Exercise aim: An exact copy of the lines from the start of the material below through the line containing "Компактный размер (12x8x8" is the required answer, and it includes no pictures.

Given material:
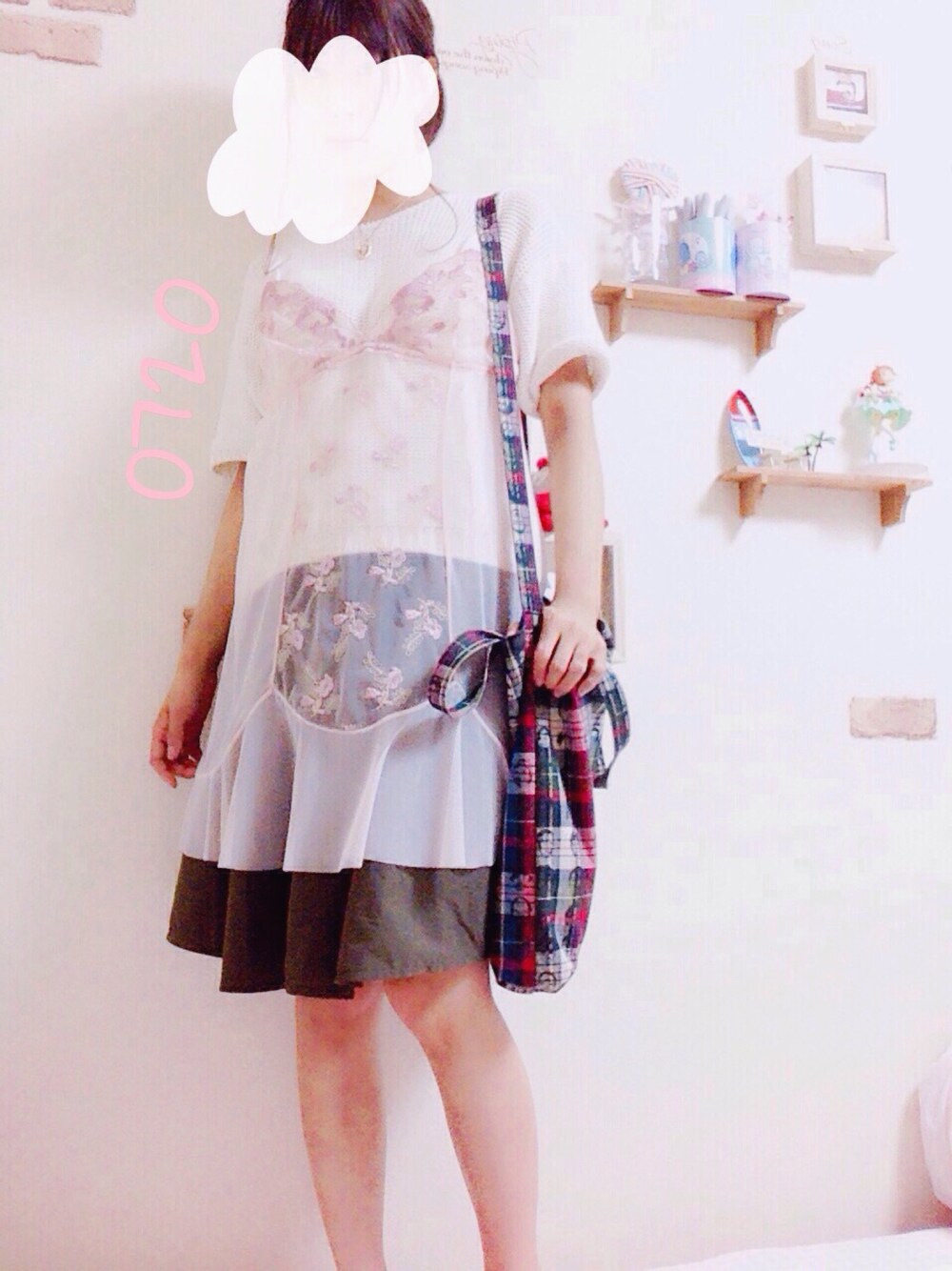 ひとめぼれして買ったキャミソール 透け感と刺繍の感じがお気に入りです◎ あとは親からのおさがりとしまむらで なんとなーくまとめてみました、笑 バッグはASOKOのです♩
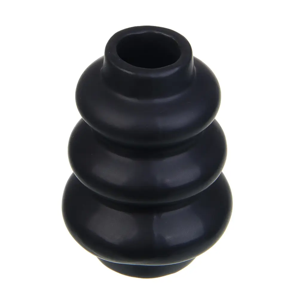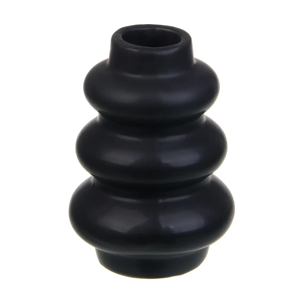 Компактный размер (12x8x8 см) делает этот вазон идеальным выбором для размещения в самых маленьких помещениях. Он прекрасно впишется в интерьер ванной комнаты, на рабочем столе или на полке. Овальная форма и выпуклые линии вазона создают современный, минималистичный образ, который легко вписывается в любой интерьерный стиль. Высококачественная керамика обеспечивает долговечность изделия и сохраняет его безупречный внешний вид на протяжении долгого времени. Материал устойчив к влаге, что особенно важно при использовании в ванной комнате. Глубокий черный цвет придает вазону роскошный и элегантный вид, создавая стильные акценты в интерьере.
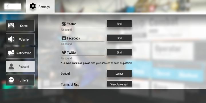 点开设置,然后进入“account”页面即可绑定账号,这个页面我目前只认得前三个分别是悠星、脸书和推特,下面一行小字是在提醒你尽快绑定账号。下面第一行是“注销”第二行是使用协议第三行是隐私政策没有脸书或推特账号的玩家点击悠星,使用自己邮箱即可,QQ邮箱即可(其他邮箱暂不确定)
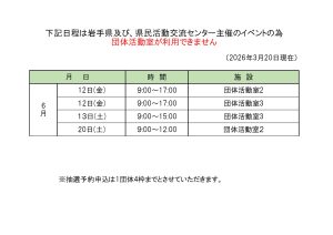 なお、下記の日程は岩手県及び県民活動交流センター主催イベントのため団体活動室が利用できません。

Solved problem:
 ひとめぼれして買ったキャミソール 透け感と刺繍の感じがお気に入りです◎ あとは親からのおさがりとしまむらで なんとなーくまとめてみました、笑 バッグはASOKOのです♩
 Компактный размер (12x8x8 см) делает этот вазон идеальным выбором для размещения в самых маленьких помещениях. Он прекрасно впишется в интерьер ванной комнаты, на рабочем столе или на полке. Овальная форма и выпуклые линии вазона создают современный, минималистичный образ, который легко вписывается в любой интерьерный стиль. Высококачественная керамика обеспечивает долговечность изделия и сохраняет его безупречный внешний вид на протяжении долгого времени. Материал устойчив к влаге, что особенно важно при использовании в ванной комнате. Глубокий черный цвет придает вазону роскошный и элегантный вид, создавая стильные акценты в интерьере.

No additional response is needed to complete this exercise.